Limited land supply causes continued rise in Silom-Sathorn-Rama III condo prices
May 30, 2014 00:00 By The Nation
Due to a limited supply of land, as well as increasing development costs, condominium prices in the Silom-Sathorn-Rama III area of Bangkok have continued to grow.
The average annual growth of condominium prices in the area is 7.8 per cent, said Frank Khan, executive director and head of residential at Knight Frank Chartered (Thailand).
During the past few years, new condominium supply in Silom-Sathorn-Rama III ranged between 2,000 and 4,500 units per annum. The area comprises 4 to 8 per cent of the total supply in the capital’s condo market.
For grade-B condominiums, the supply in Silom-Sathorn-Rama III from 2008 to 2013 was 4,020 units, contributing to 29 per cent of supply in the area.
Compared to grade-C units, which comprised almost half of the supply, it is more competitive to lease out grade-B units, he said.
Khan explained that typically, a tenant would enter into a one-year lease agreement for residential property in Bangkok. Usually, the shorter the term requested by the lessee, the higher the rental rate.
Although one-bedroom units yield higher average rental returns than two-bedroom units, the higher supply of one-bedrooms in the market causes more competition to lease out the residence.
For investments, the property owner would be required to hold the unit for five years to avoid the 3.3-per-cent Special Business Tax when selling the unit. Therefore, condominium investments should be viewed as long-term investments for gaining both rental income and potential capital appreciation, he said.
A one-bedroom unit provides a rental yield of between 6.1 and 7.7 per cent for the investor, or rents of between Bt18,000 and Bt35,000 per month.
Two-bedroom units provide a rental yield of between 6.3 and 6.8 per cent, or monthly rents of between Bt25,000 and Bt50,000.

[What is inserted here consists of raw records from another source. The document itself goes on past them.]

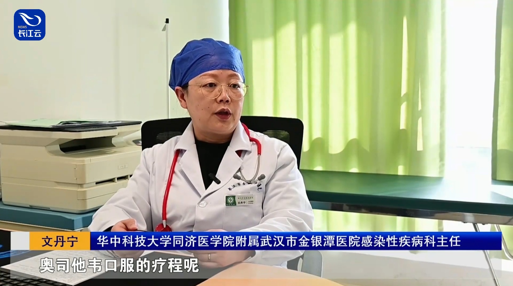 華中科技大學同濟醫學院附屬武漢市金銀潭醫院感染性疾病科主任 文丹寧:我們知道流感病毒侵入,首先是在上呼吸道,也就是我鼻腔這里,早期使用奧司他韋,就可以很好地抑制病毒復制。通俗理解為病毒的量會少,那么它的癥狀會更輕,可以很快緩解流感的一些癥狀,所以我們說抗病毒的用藥越早越好,早的話在病毒還沒有復制之前就發揮了作用,療效會更確切一些。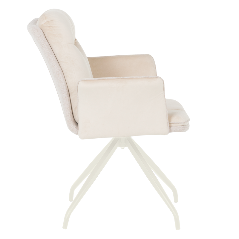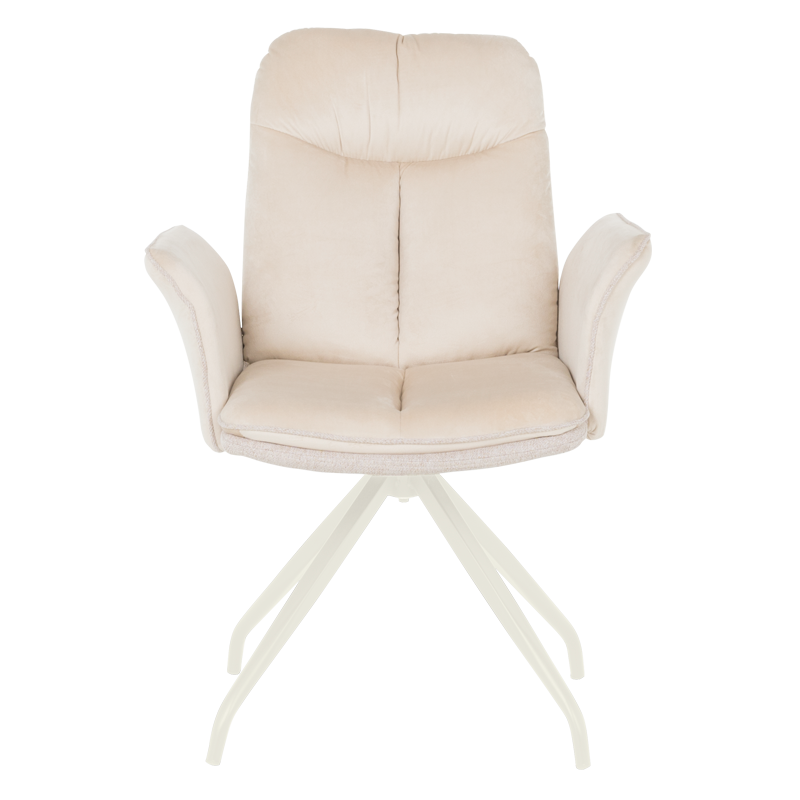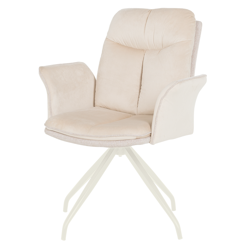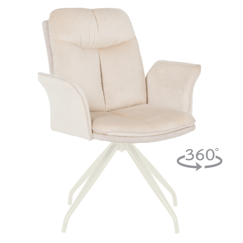 MARLOW 1 е трапезен стол с модерна визия. Той разполага с широки седалка и облегалка, тапицирани в мека дамаска, допълнени с възглавници за максимален комфорт. Подлакътниците повишават удобството на седящия. Основата е изработена от метал в елегантен кремав цвят и предлага иновативна функция за 360° въртене. Пълна информация за размерите и характеристиките на модела ще намерите в таблицата в таб/поле "Техническа информация".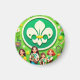 fundo verde vibrante com o emblema do movimento escoteiro e um grupo de escoteiros diversos se envolvendo em atividades. 😊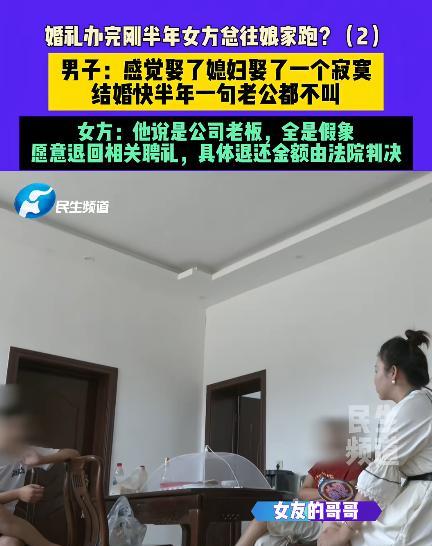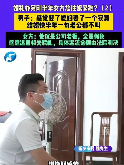 河南新乡,一男子经人介绍,和一女子结婚,两人摆了酒席,没领结婚证,结婚半年,女子一句老公没喊过,让男子出去挣钱,分她一半,还总往娘家跑。男子气坏了:要是不想跟我好好过,就把十万一的定亲礼金和128000元的彩礼,还有五金退给我。可女子却说:他对所有人说他很有钱,是老板,我以为他账户里有200多万,结果全是假象。女方家说的隐情,让人出乎意料。 据极目新闻7月21日报道,魏先生(化名)和张女士(化名),经媒人介绍相识。媒人搭桥时,或许带着美化与期待,让两人对彼此有了最初的印象。魏先生渴望一段温暖的婚姻,张女士也盼着能与靠谱的人相守,于是,在相识后,没过多久他们俩就携手步入婚姻殿堂。 婚后的生活,却逐渐偏离了魏先生的期待。半年时光里,妻子没叫过他一声 “老公” 。这声简单的称呼,在婚姻里本是爱意与亲密的体现,可魏先生始终没能听到。不仅如此,妻子频繁往娘家跑,留他独自面对生活。 后来,妻子让魏先生独自去北京挣钱,还提出挣的钱要分她一半,仿佛是一场带着条件的合作,不是自己想象中的婚姻,而张女士只有她心情好时才会考虑回来,把婚姻当成了一场可以讨价还价的交易。这让魏先生陷入更深的孤独与无奈,满心期待的婚后生活,成了漫长的寂寞等待。 而在张女士眼中,这段婚姻同样满是失望。她曾和魏先生一起去过北京,本想着夫妻携手奋斗,可过程中发生的事,让她委屈到哭着回来。更关键的是,魏先生关于公司老板的说法,成了导火索。 张女士一开始以为自己嫁的是有事业并且有担当的人,最后却发现并非如此。她觉得是魏先生先欺骗了自己,这份欺骗,击碎了她对婚姻的信任,让她对这段关系彻底寒心,于是选择回到娘家,用距离表达自己的不满与失望。 魏先生这边,对于公司老板一事,也有自己的解释。他承认现在不是老板,但强调之前确实是一家公司的法人。他说不是有意欺骗,是媒人介绍时弄混淆了信息。或许最初,媒人想要促成这段姻缘,放大甚至弄错了他的身份信息,可这一个误会,在婚姻里掀起了巨大的波澜。 魏先生没料到,这么一个身份的问题,会让妻子对自己的信任崩塌,也让原本就摇摇欲坠的婚姻,变得更加岌岌可危。随着矛盾升级,两人的婚姻走到了难堪的境地。 张女士提出愿意退回相关聘礼,具体退还金额交由法院判决,要用这种方式,给这段满是疮痍的婚姻做一个了断。曾经带着期待走进婚姻的两个人,如今要对簿公堂,用法律的途径,去清算这段婚姻里的得与失。 婚姻里的沟通和理解太关键,要是双方能早点把这些矛盾摊开说,把心里的委屈、不满讲清楚,或许不至于走到这一步。 对于这件事,大家有什么想说的呢?欢迎在评论区分享。 信息来源:极目新闻 报道于2025年7月21日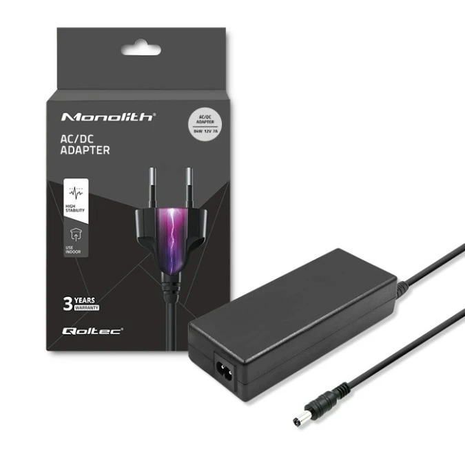 Qoltec Zasilacz desktopowy 84W 12V 7A 5.5*2.1 +kabel zasilający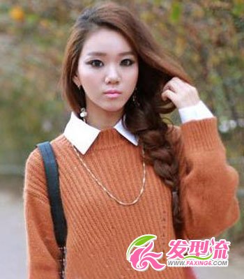 这款同样是麻花辫造型,可见其受欢迎的程度哦!扎辫子的时候,上半部分留出了较多发量,扎好蓬松好看的辫子后,再用手把之前留出来的秀发打造出外拱的弧度,给人耳目一新的感觉,不会落入俗套,也让整个发型显得更有活力。裸额的设计突显MM姣好的五官和脸容。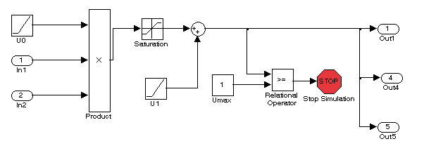 Блоки In1, In2 подсистемы являются ее входом. Сигнал, подаваемый на входной порт подсистемы через блок, передается внутрь подсистемы. В нашем случае входной порт In1 будет показывать величину HB твердости детали. Блок In2 передает значение пластичности поверхностного слоя δ. Блоки U0, U1 являются источниками линейно изменяющегося воздействия. Блок Saturation устанавливает значение износа, полученного при приработке. Umax – блок, содержащий значение максимального износа, останавливающий (блок Stop Simulation) работу модели при выполнении определенного равенства (блок Relational Operator). Блок Product выполняет умножение сигналов его входов. Out1 – блок, выводящий на виртуальный осциллограф U графики износа или на цифровой дисплей, отображающий значение сигнала в виде числа. Результат моделирования представлен на рис. 2.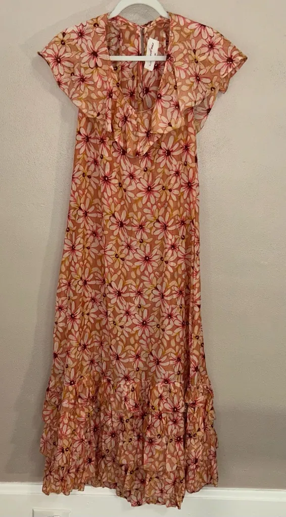 Chic Floral SUNDRESS Maxi daisys Dress in Pink and Orange ruffle hem Size undefined - $45 - From Kimberly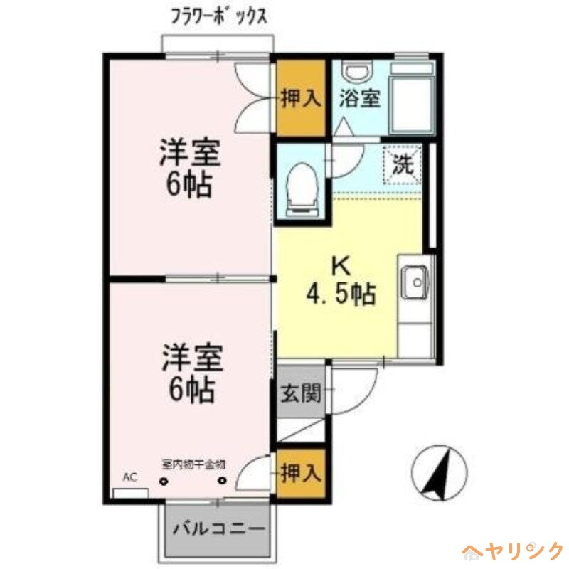 オール洋室の2K。 モニターホンやエアコン、シャワートイレ、居室照明などの設置あり。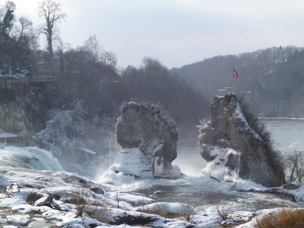 In Neuhausen am Rheinfall stürzt der Rhein auf einer Breite von etwa 150 Meter um 23 Meter in die Tiefe und bietet ein imposantes Naturschauspiel. Neben dem Dettifoss aus Island, der zwar doppelt so hoch, aber nur halb so wasserreich ist, ist der Rheinfall damit der größte Wasserfall Europas. Der einzige, der diese gewaltigen Wassermengen aufwärts bezwingen kann, ist der Aal. Der schlängelt sich seitwärts über die Felsen hoch.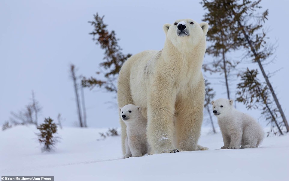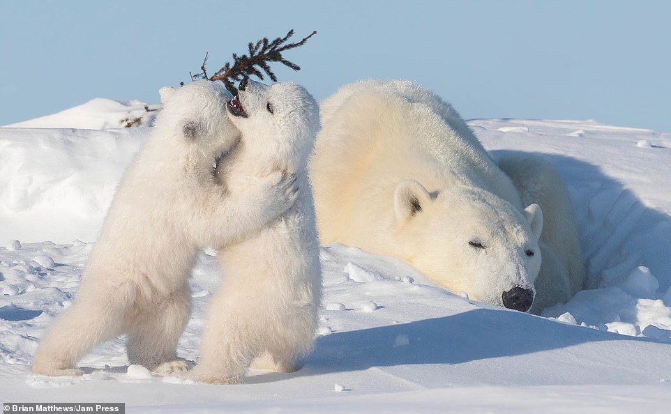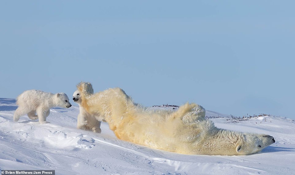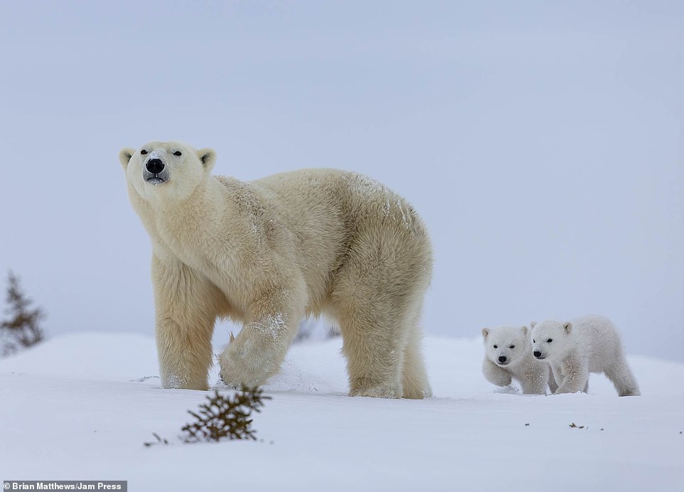 2021年01月18日北極熊是地球上最大的陸地食肉動物之一。牠們生活在酷寒的環境中,白色的外表在雪地中是最好的保護色。最近英格蘭達拉謨(Durham)42歲攝影師Brian Matthews和攝影團隊一起,在加拿大瓦普斯克國家公園中拍到了一組有趣的照片。北極熊媽媽帶著2隻小熊在雪地中嬉戲玩耍,那畫面看起來非常有愛。

The rental rate for a one-bedroom unit on Charoenrat Road is conservatively estimated to be between Bt5,000 and Bt20,000 per month, yielding a rental return of 6.3 to 7.3 per cent.
The monthly rental rate for a two-bedroom unit on Charoenrat Road is estimated to be between Bt30,000 and Bt35,000, yielding a return of 6.8 to 7 per cent, said Khan.
The main central business district in Bangkok encompasses the Sathorn and Silom areas, which offer 36 per cent of the supply of office space in the CBD. Compared to units commanding higher rents in the downtown area, condominiums with good accessibility and proximity to the business area will attract tenants who work in Silom and Sathorn offices, he added.
Khan expects that the emergence of the Asean Economic Community next year will drive demand for business expansion and residences. Thanks to Thailand’s infrastructural readiness and strategic location, foreign investments of multinational companies are expected to grow, exceeding a 90-per-cent occupancy rate of Bangkok office space.
Economic activity from the potential flow of other AEC citizens will effectively boost the economies around the region. With its many advantages, Thailand should see demand for residential property increase as a consequence of such business growth, he said.
He added that, without considering the potential of capital appreciation – 7.8 per cent on average for condominiums in Silom, Sathorn and Rama III – Thai condos command a much higher rental yield when compared to both medium- and long-term regional investments, such as government bonds in Malaysia and Singapore.